Label-free optical imaging for human mesoscale connectivity with a focus on deep brain stimulation targets

用于人体中尺度连接的无标记光学成像，重点关注深部脑刺激目标

基本信息

批准号：
10443418
负责人：
TANER AKKIN
金额：
$ 51.75万
依托单位：
UNIVERSITY OF MINNESOTA
依托单位国家：
美国
项目类别：
财政年份：
2022
资助国家：
美国
起止时间：
2022-03-07 至 2027-01-31
项目状态：
未结题

来源：
https://reporter.nih.gov/project-details/10443418
关键词：
3-Dimensional Algorithms Anatomy Animal Model Architecture Atlases Axon Birefringence Brain Brain Diseases Brain Mapping Brain imaging Cells Deep Brain Stimulation Development Diffusion Magnetic Resonance Imaging Disease Dissection Electroencephalography Electron Microscopy Face Fascicle Fiber Foundations Functional Magnetic Resonance Imaging Future Generations Goals Gold Histologic Human Image Imaging technology Injections Internal Capsule Label Lasers Lateral Location Macaca mulatta Maps Mental disorders Methods Microscopic Motor Neurons Optical Coherence Tomography Optics Pathway interactions Pattern Performance Phase Population Rattus Resolution Sampling Structure Structure of subthalamic nucleus Synapses System Techniques Technology Thalamic structure Tissues Tracer Visible Radiation Work analytical tool attenuation base brain circuitry brain tissue connectome density gray matter human imaging image processing imaging modality improved in vivo multiparametric imaging nanoscale nervous system disorder neural tract neuroimaging neurosurgery nonhuman primate novel optical imaging polarized light quantitative imaging reconstruction targeted treatment tractography white matter

项目摘要

PROJECT SUMMARY AND ABSTRACT Many neurological and psychiatric disorders are essentially connectionist disorders: certain sets of neurons have abnormally increased or decreased connectivity with other sets of neurons. Deep brain stimulation (DBS) therapies target small, unique populations of axons and/or cell bodies in order to treat brain disorders and normalize connectivity. Thus, mapping the wiring diagram of the brain is an important goal. Macroscale connectivity has been studied indirectly in humans using noninvasive neuroimaging. In order to develop a much higher resolution connectivity map of the brain, this project will develop depth-resolved polarized light imaging to visualize axons and fiber tracts. Since brain imaging and mapping at microscopic resolution is feasible with intrinsic optical contrasts (e.g. polarization-based) and depth-resolved block-face imaging is desired before histological processing, we have developed the serial optical coherence scanner (SOCS) for large-scale or whole brain imaging with microscopic resolution. SOCS combines a polarization-maintaining fiber based polarization-sensitive optical coherence tomography and a tissue slicer.

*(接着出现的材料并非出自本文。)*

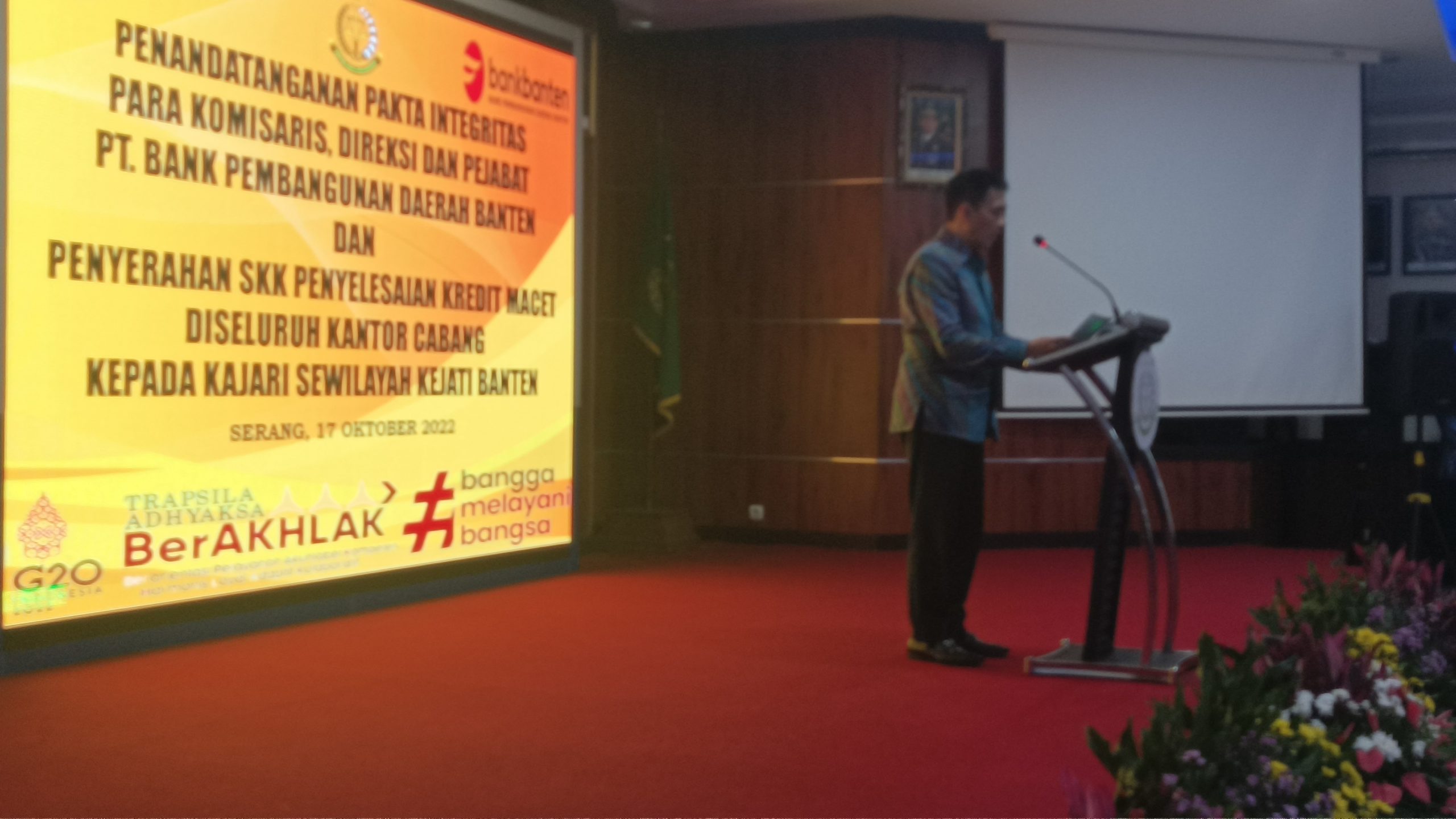 Hal tersebut disampaikan Direktur Utama Bank Banten, Dr. Agus Syabarrudin pada kegiatan Penandatanganan Pakta Integritas Manajemen Bank Banten dan Penyerahan Surat Kuasa Khusus (SKK) Peyelesaian Kredit Bermasalah di seluruh Kantor Cabang Bank Banten kepada Kejaksaan Negeri di wilayah Provinsi Banten.

This project will create a novel SOCS system that can image axonal tracts at the micron scale spatial resolution using unbiased optical contrasts (Aim 1). The approach will be evaluated, refined, and compared in the same brain tissue to neural tract-tracer labeling of tracts associated with DBS targets for brain disorders, in nonhuman animal models (Aim 2). The approach will then be applied to DBS targets in the human brain (Aim 3). The physical scales at which this project investigates the brain microstructure are unique (1-10 μm resolution across centimeters of tissue). This project will pave the way for the foundation of a future human connectome at the micron scale, which is the highest resolution achievable with current optical technology for imaging an entire human brain.

项目摘要和摘要许多神经和精神病障碍本质上是连接主义疾病：某些神经元集与其他神经元的连通性绝对提高或降低。深脑刺激（DBS）疗法靶向轴突和/或细胞体的独特群体，以治疗脑部疾病并标准化连接性。那是一个重要的目标。宏观连通性已在人类中使用非侵入性神经影像学间接研究。为了发展一个大脑的分辨率连接图要高得多，该项目将发展深度分辨的偏振光成像以可视化轴突和纤维区。由于微小分辨率的脑成像和映射为可行的具有固有的光学对比度（例如基于极化）和深度分辨的块面成像是在组织学处理之前，我们已经开发了串行光学连贯扫描仪（SOCS）具有微观分辨率的大型或全脑成像。 SOCS结合了两极分化维护基于纤维敏感的光学相干断层扫描和组织切片机。这个项目将创建一个新型SOCS系统，可以使用无偏光图像微米尺度的空间分辨率对轴突图像成像对比（目标1）。该方法将在同一脑组织中评估，完善和比较在非人类动物模型中（目标2）。然后，该方法将应用于人脑中的DBS靶标（AIM 3）。物理尺度该项目研究了大脑微观结构是独特的（跨厘米的1-10μm分辨率组织）。该项目将为以微米尺度的未来人类连接的基础铺平道路，通过当前的光学技术来对整个人类大脑进行成像，这是可以实现的最高分辨率。